According to the ASCII (American Standard Code for Information Interchange) system, characters commonly used in the English language all have corresponding numbers in the range 0-127.

However, some characters, such as emojis, have corresponding numbers greater than 127. In order to retain as many English language apps as possible that contains characters like emojis, only app names containing 3 or more characters with corresponding numbers greater than 127 were removed. This is not a completely fool-proof technique, but efficiently ensures the data used will be of a high quality.

In [7]:
def lang_idef(string):
    foreign_char = 0
    is_eng = True
    
    for character in string:
        if ord(character) > 127:
            foreign_char += 1
            
            if foreign_char >= 3:
                is_eng = False
                
                return is_eng
        
    return is_eng

ios_clean = []
play_clean = []

for app in ios_non_dup:
    if lang_idef(app[1]) == True:
        ios_clean.append(app)
        
for app in play_non_dup:
    if lang_idef(app[0]) == True:
        play_clean.append(app)

### 5. Isolate only free apps

Because our company builds only free apps this analysis will comprise of a dataset of only free apps.
Free apps are identified by the function `idef_free`, which takes 2 input parametersL
1. `dataset` : the variable name for the data set to analyse (i.e. `ios_clean` or `play_clean`)
2. `price_col` : the index value in the input data set used to identify if app price. Use `4` for `ios_clean` and `6` for `play_clean`.

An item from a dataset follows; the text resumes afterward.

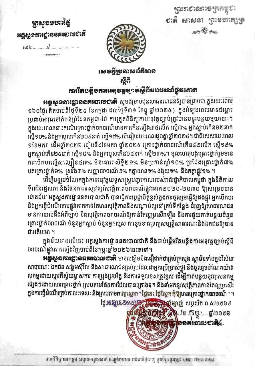 នគរបាលចរាចរណ៍ នឹងចាប់ផ្តើមរឹតបន្តឹង ការអនុវត្តច្បាប់ចរាចរណ៍ឡើងវិញ ចាប់ពីខែកុម្ភៈ ឆ្នាំ២០២៦ នេះវិញហើយ។

For the `ios_clean` data set, the price is identified if the value in `price_col` position is equal to `0`.
For the `play_clean`data set, the price is identified if the string in `price_col` is equal to `free`.

The list-of-lists of clean data for free apps in each data set is stored in the following variables:

App Store | Variable name
:---|:---
iOS App Store | `ios_free`
Play Store| `play_free`

In [8]:
def idef_free(dataset, price_col):
    
    free_list = []
    
    for app in dataset:
        
        if dataset == ios_clean:
            price = float(app[price_col])
            if price == 0:
                free_list.append(app)
                
        elif dataset == play_clean:
            if app[6] == "Free":
                free_list.append(app)            
            
    return free_list

ios_free = idef_free(ios_clean, 4)
play_free = idef_free(play_clean, 6)

## Validation Strategy

The company's validation strategy for building new apps follows three steps:
1. Build a minimal Android version of the app, and add it to Google Play.
2. If the app has a good response from users, we develop it further.
3. If the app is profitable after six months, we build an iOS version of the app and add it to the App Store.

Hence, it is key that this analysis covers apps on both the Play store and the iOS App store in order to identify app profiles which will likely be successful on both markets.

## Common app genres by market

The following section creates frequency tables for the genres of apps on both the iOS App Store and the Play Store.

The function `freq_table` creates a frequency table for the data set `dataset` for the entries found by index `index`.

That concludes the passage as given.